(Data extracted from a collection)

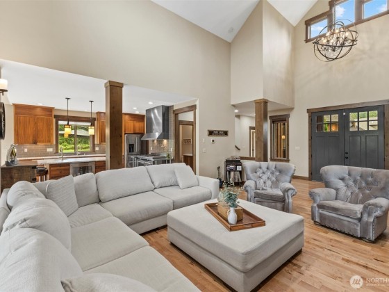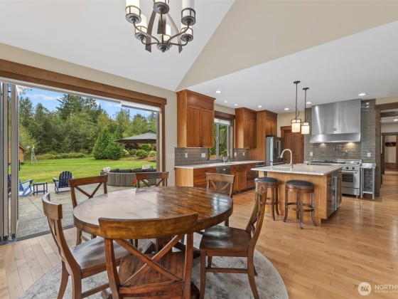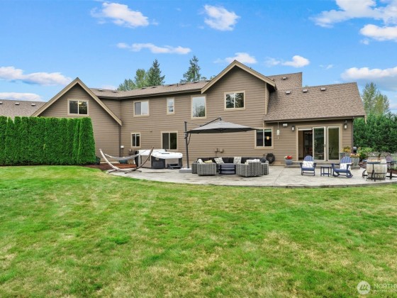 {LOCATED IN THOMASHIRE ESATES, LAKE STEVENS PREMIER GATED COMMUNITY OF 8 CUSTOM HOMES}THIS RESIDENCE SITS ON THE COMMUNITY'S LARGEST LOT SPANNING 3 PARCELS WITH BEAUTIFULLY LANDSCAPED LEVEL GROUNDS IDEAL FOR OUTDOOR LIVING. The open-concept great room and chef's kitchen flow through expansive NANO doors to a custom stamped concrete patio, creating seamless indoor-outdoor entertaining. Main floor living features a spa like primary suite plus a second bedroom with its own private bath, a dedicated office and specially designed mud room. Upstairs offers 2 bedroom's, full bath, large bonus room and an entertainment nook. Extended covered patio with tailored copper firepit. CUSTOM 12x16 SHED. Private gated access to the centennial trail.
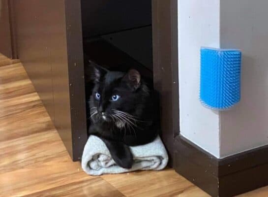 I was pretty scared at first but now I like to chat, spend time near my foster family and get my nightly treat.
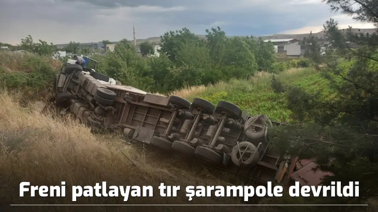 Freni patlayan tır şarampole devrildi
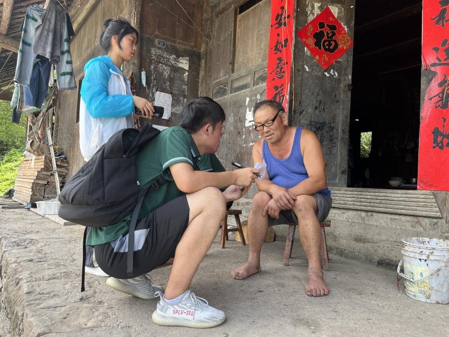 上午,实践队员深入苗寨,通过问卷调查和面对面访谈,与家长、学生探讨了普通话在家庭、澳门金沙娱乐城app
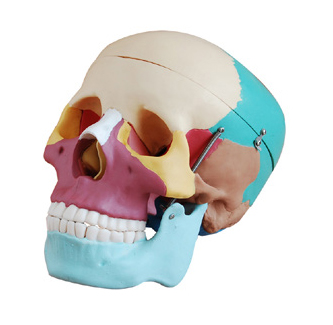 กะโหลกศีรษะแบบมีสี ขนาดเท่าของจริง กระดูกแต่ละส่วนแสดงด้วยสีแตกต่างกันสามารถถอดประกอบได้ 3 ชิ้น ขนาดโดยประมาณ 160 x 130 x 200 มม.
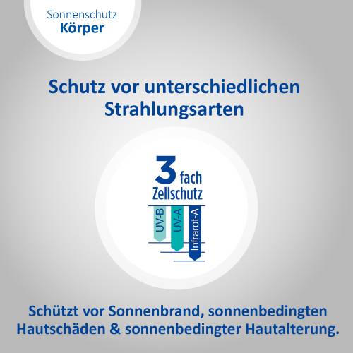 Sonnenstrahlen gibt es in verschiedenen Wellenlängen. Sie haben verschiedene Auswirkungen auf die Haut, wirken jedoch alle zellschädigend. Daher ist es wichtig einen Sonnenschutz zu verwenden, der rundum schützt. Dank seines 3-fach Zellschutzes schützt das Ladival® Aktiv Sonnenschutz-Spray vor UV-A- & UV-B Strahlen, sowie vor den Folgen von Infrarot-A Strahlung.
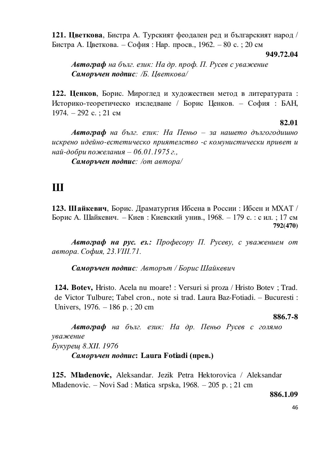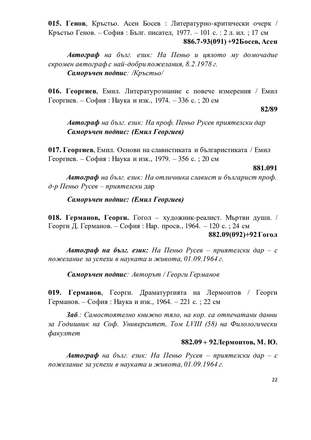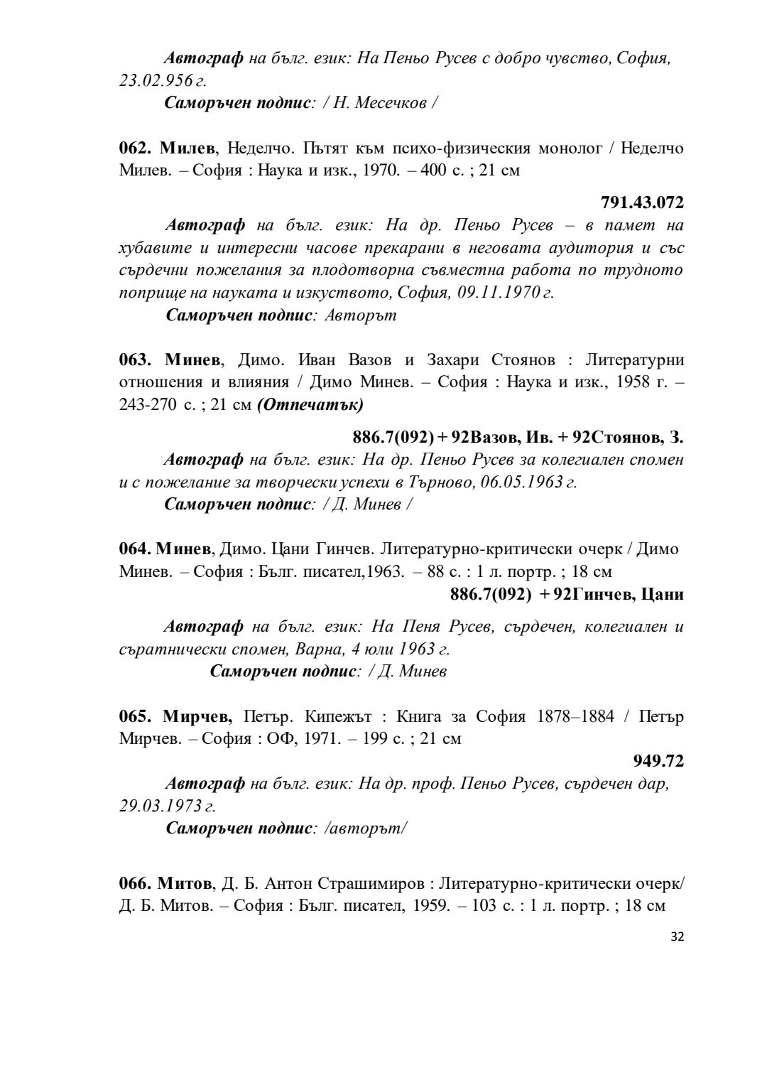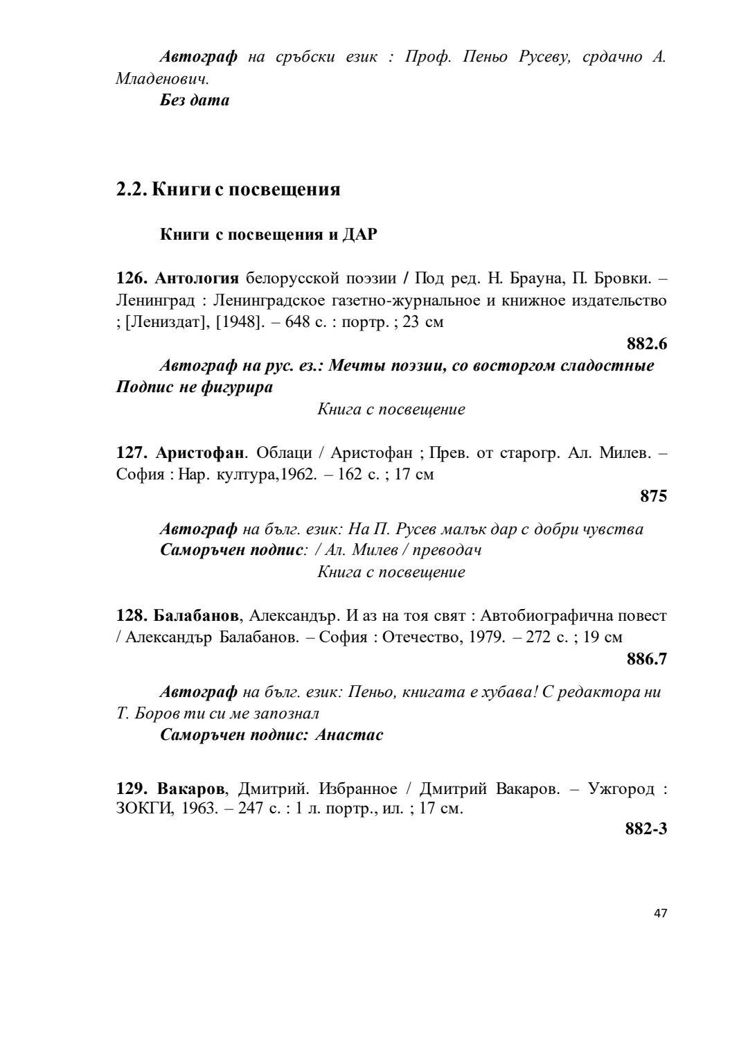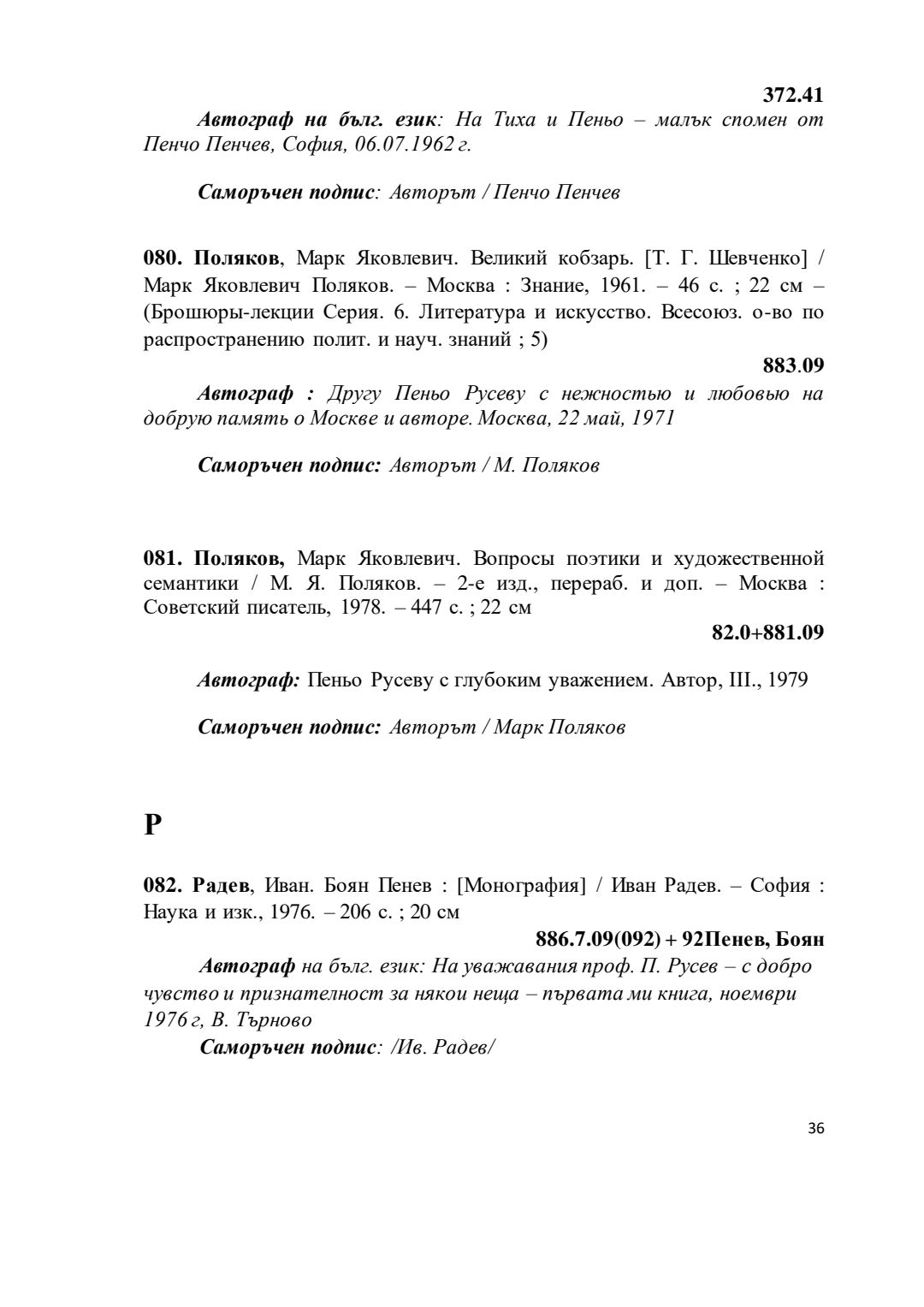 Библиографски указател „Дарствени Надписи“ от колекцията книги на проф. Пеньо Русев

**EXERCISE PROMPT:** All of the records above must be copied exactly, except for the pictures.

**TASK ANSWER:**
 {LOCATED IN THOMASHIRE ESATES, LAKE STEVENS PREMIER GATED COMMUNITY OF 8 CUSTOM HOMES}THIS RESIDENCE SITS ON THE COMMUNITY'S LARGEST LOT SPANNING 3 PARCELS WITH BEAUTIFULLY LANDSCAPED LEVEL GROUNDS IDEAL FOR OUTDOOR LIVING. The open-concept great room and chef's kitchen flow through expansive NANO doors to a custom stamped concrete patio, creating seamless indoor-outdoor entertaining. Main floor living features a spa like primary suite plus a second bedroom with its own private bath, a dedicated office and specially designed mud room. Upstairs offers 2 bedroom's, full bath, large bonus room and an entertainment nook. Extended covered patio with tailored copper firepit. CUSTOM 12x16 SHED. Private gated access to the centennial trail.
 I was pretty scared at first but now I like to chat, spend time near my foster family and get my nightly treat.
 Freni patlayan tır şarampole devrildi
 上午,实践队员深入苗寨,通过问卷调查和面对面访谈,与家长、学生探讨了普通话在家庭、澳门金沙娱乐城app
 กะโหลกศีรษะแบบมีสี ขนาดเท่าของจริง กระดูกแต่ละส่วนแสดงด้วยสีแตกต่างกันสามารถถอดประกอบได้ 3 ชิ้น ขนาดโดยประมาณ 160 x 130 x 200 มม.
 Sonnenstrahlen gibt es in verschiedenen Wellenlängen. Sie haben verschiedene Auswirkungen auf die Haut, wirken jedoch alle zellschädigend. Daher ist es wichtig einen Sonnenschutz zu verwenden, der rundum schützt. Dank seines 3-fach Zellschutzes schützt das Ladival® Aktiv Sonnenschutz-Spray vor UV-A- & UV-B Strahlen, sowie vor den Folgen von Infrarot-A Strahlung.
 Библиографски указател „Дарствени Надписи“ от колекцията книги на проф. Пеньо Русев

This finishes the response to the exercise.